Uno degli effetti poco esaminati indotti dalla pandemia è stato, mi sembra, la sua incidenza sulla comunicazione, sul “tono del messaggio”. Non mi riferisco qui alla comunicazione/informazione specificamente indirizzate al fenomeno, ma a quella che ha per target la società in generale e a quella indirizzata al mercato dei consumatori, la pubblicità. La prima è stata tutta un’antologia di messaggi positivi all’insegna dell’empatia collettiva e della sua promozione, spesso raccontata da testimoni autorevoli, quelli che la lingua del marketing chiama opinion maker: influencer e blogger della Rete, star dello spettacolo, campioni dello sport, personaggi influenti della galassia sociale e via elencando: “siamo con voi (uniti si vince)”.

La pubblicità – quasi tutta, quasi sempre – invece ha smorzato i toni del linguaggio utilizzato e contemporaneamente ha modificato il suo contenuto.

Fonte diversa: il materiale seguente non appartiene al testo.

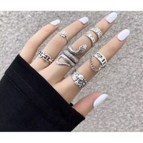 Descrição: - anéis luxuosos; - fashion e sempre na moda; - kit com 7 anéis; - formatos diferentes e luxuosos.
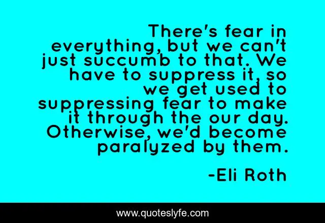 This page presents the quote "There's fear in everything, but we can't just succumb to that. We have to suppress it, so we get used to suppressing fear to make it through the our day. Otherwise, we'd become paralyzed by them.". Author of this quote is Eli Roth. This quote is about everything, through, day,.
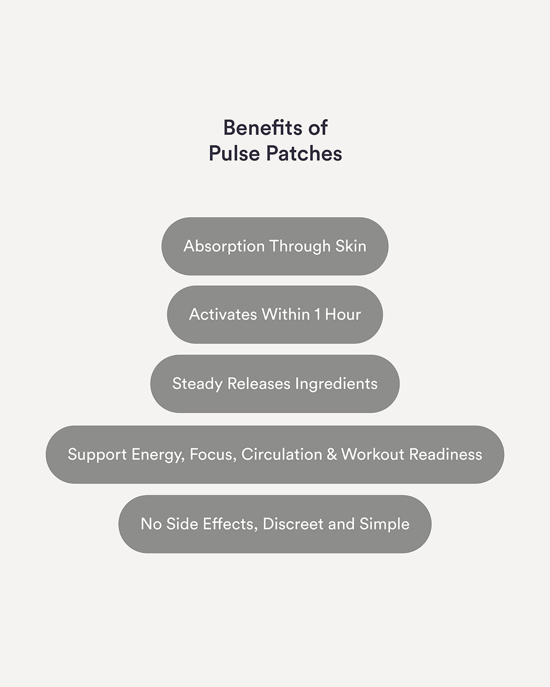 This is not a pre-workout replacement. Pulse is a lifestyle performance patch for people who want to feel ready in their body before they move. Using advanced transdermal delivery, each patch provides up to 8 hours of sustained support through the skin, helping your body prepare for movement without energy spikes or crashes. Vegan, convenient, and designed for real life.

La comunicazione pubblicitaria si è aggiornata in relazione alla “indisponibilità all’acquisto” degli utenti e dei consumatori di beni prodotti e servizi. Prodotti sono forzatamente usciti dalla scena, rimpiazzati in certi casi da messaggi e proposte inediti di prodotti beni e servizi new entry. Gli spot e gli annunci istituzionali, di marca, di prodotto – hanno perso l’aggressività dell’invito a comperare “subito”; in queste settimane la quasi totalità dei messaggi, palesemente o meno, è indirizzata al “poi”, a un futuro palingenetico anche se temporalmente non definito. Non di rado, i messaggi pubblicitari – accennando al “come eravamo” – ci propongono una visione del futuro meno edonistica dei precedenti, una specie di invito collettivo a credere in un nuovo eden, tanto immancabile quanto indistinto. La comunicazione ha cambiato voce.

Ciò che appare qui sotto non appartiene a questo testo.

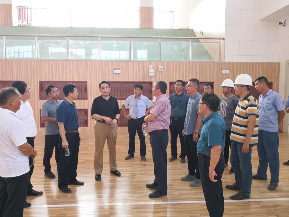 李国祥董事长(左五)察看体育馆建设

E poi, fateci caso, il coronavirus ha indotto gli italiani a esporre il bianco rosse verde in misura molto maggiore rispetto a quando gioca la nazionale di calcio e, adesso, quasi tutti i messaggi hanno un denominatore comune: il tricolore nazionale assurto come in passato (Risorgimento, Grande guerra, imprese coloniali, regime fascista) a simbolo dell’Italia “che ricomincia” dell’Italia “che ce la fa”. Durante l’impietoso lockdown la bandiera, abbinata a quotidiani e riviste, è stata venduta in edicola come le mascherine anticontagio e il gel sanificante.

Considerazione finale e un po’ amara: se l’invito a sentirsi nazione coesa e italiani “virtuosi” viene testimoniato da chi produce e vende beni e servizi invece che da famiglia e scuola, gli educatori istituzionali al senso civico (atteggiamenti mentali, credenze, valori, miti, visioni del passato, interpretazioni del presente, aspirazioni del futuro), non c’è da stare troppo allegri.